У Скудрина моста стоял дом Скудрина и в доме проживал Яков Карпович Скудрин, ходок по крестьянским делам, человек восьмидесяти пяти лет, – кроме Якова Карповича Скудрина проживали в городе в отдельности от Якова Карповича много младшие его две сестры, Капитоли-на и Римма, и брат охломон Иван, переименовавший себя в Ожогова, – речь о них ниже.
Лет сорок последних, страдал Яков Карпович грыжей и, когда ходил, поддерживал через прореху у штанов правою своею рукою эту свою грыжу, – руки его были пухлы и зелены, – хлеб солил он из общей солонки густо, похрустывая солью, бережливо остатки соли ссыпая обратно в солонку. Последние тридцать лет Яков Карпович разучился нормально спать, просыпался ночами и бодрствовал тогда за библией до рассветов, а затем спал до полдней, – но в полдни он всегда уходил в читальню, читать газеты: газет в городе не продавали, на подписку не хватало денег, – газеты читались в читальнях. Яков Карпович был толст, совершенно сед и лыс, глаза его слезились, и он долго хрипел и сопел, пока приготавливался заговорить. Дом Скудриных некогда принадлежал помещику Верейскому, раззорившемуся вслед отмене крепостного права в выборной должности мирового судьи: Яков Карпович, отслужив дореформенную солдатчину, служил у Верейского писарем, обучился судейскому крюкодельству и перекупил у него дом вместе с должностью, когда тот раззорился. Дом стоял в неприкосновенности от Екатерининских времен, за полтора столетия своего существования потемнел, как его красное дерево, позеленев стеклами. Яков Карпович помнил крепостное право. Старик все помнил – от барина своей крепостной деревни, от наборов в Севастополь; за последние пятьдесят лет он помнил все имена отчества и фамилии всех русских министров и наркомов, всех послов при императорском русском дворе и советском ЦИК'е, всех министров иностранных дел великих держав, всех премьеров, королей, императоров и пап. Старик потерял счет годам и говорил:
– Я пережил Николая Павловича, Александра Николаевича, Александра Александровича, Николая Александровича, Владимира Ильича, – переживу и Алексея Ивановича!
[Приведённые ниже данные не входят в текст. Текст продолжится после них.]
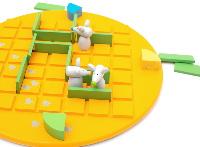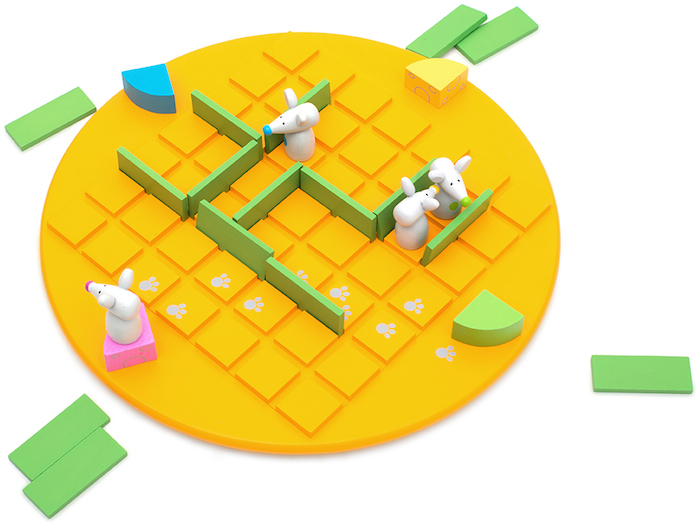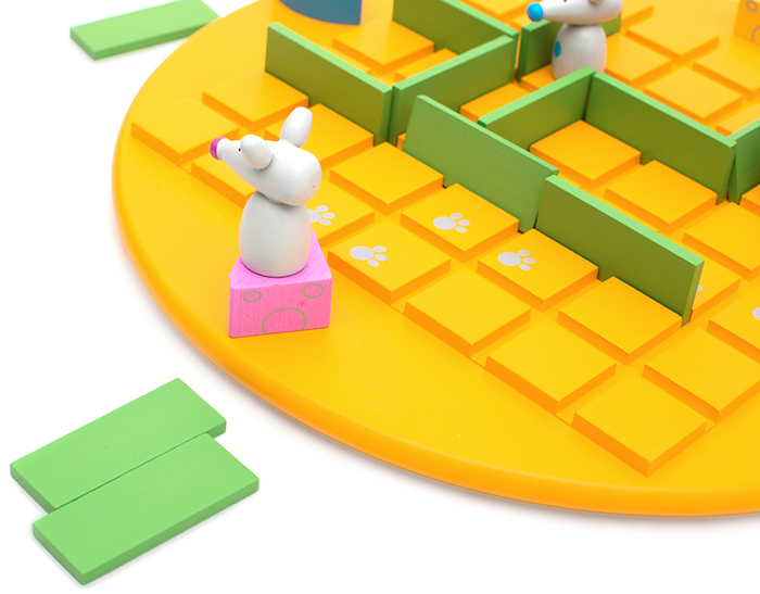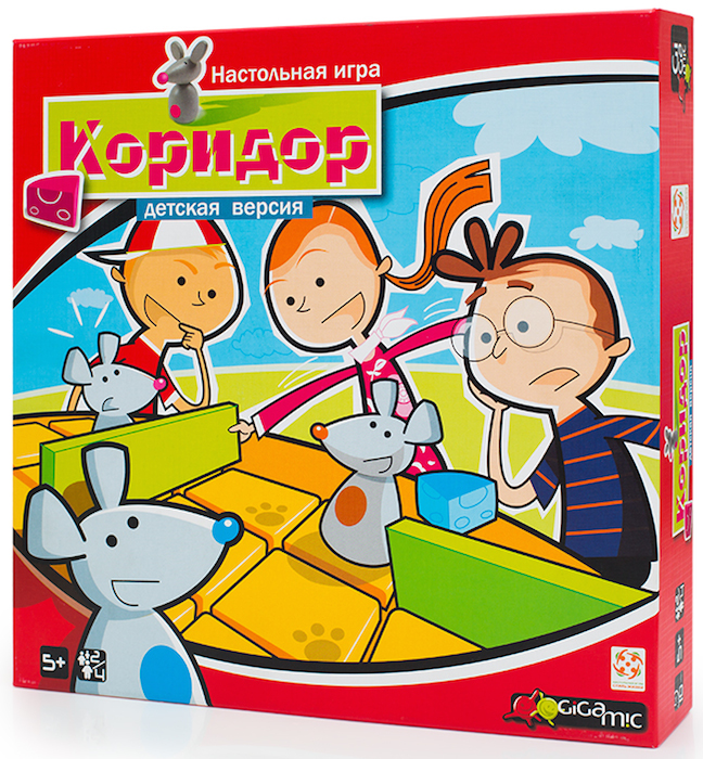 «Коридор для детей» - это адаптированная для детей версия популярной настольной игры «Коридор». В ней уменьшен размер игрового поля (7 на 7, вместо 9 на 9 в базовой версии), игровые фишки заменены на симпатичных мышек, а для того, чтобы маленькие игроки не запутались с конечным пунктом своего маршрута – его можно обозначить кусочком сыра, соответствующего цвету мышки.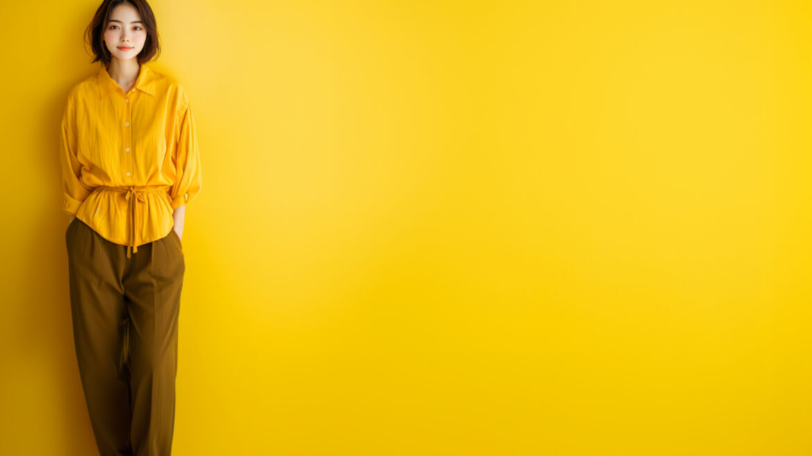 女性 じょせい 女子 じょし 女 おんな 人物 じんぶつ 黄色背景 きいろはいけい 若い わかい

У старика была очень паршивая улыбочка, раболепная и ехидная одновременно, белесые глаза его слезились, когда он улыбался. Старик был крут, как круты в него были его сыновья. Старший сын Александр, задолго еще до 1905-го года, будучи посланным со срочным письмом на пароходную конторку, опоздав к пароходу, получил от отца пощечину под слова: – "пошел вон, негодяй!" – эта пощечина была последнею каплей меда, – мальчику было четырнадцать лет, – мальчик повернулся, вышел из дома – и пришел домой только через шесть лет, студентом Академии Художеств. Отец за эти годы посылал сыну письмо, где приказывал сыну вернуться и обещал лишить сына родительского благословения, прокляв навсегда: на этом же самом письме, чуть пониже подписи отца, сын приписал: "А чорт с ним, с вашим благословением", и вернул отцу отцовское письмо. Когда Александр – через шесть лет после ухода, солнечным весенним днем – вошел в гостиную, отец пошел к нему (навстречу с радостной улыбочкой и с поднятой рукой, чтобы побить сына: сын с веселой усмешкой взял своими руками отца за запястья, еще раз улыбнулся, в улыбке весело светилась сила, руки отца были в клещах, – сын посадил отца, чуть надавив на запястья, к столу, в кресло, и сын сказал:
– Здравствуйте, папаша, – зачем же, папаша, беспокоиться? – присядьте папаша!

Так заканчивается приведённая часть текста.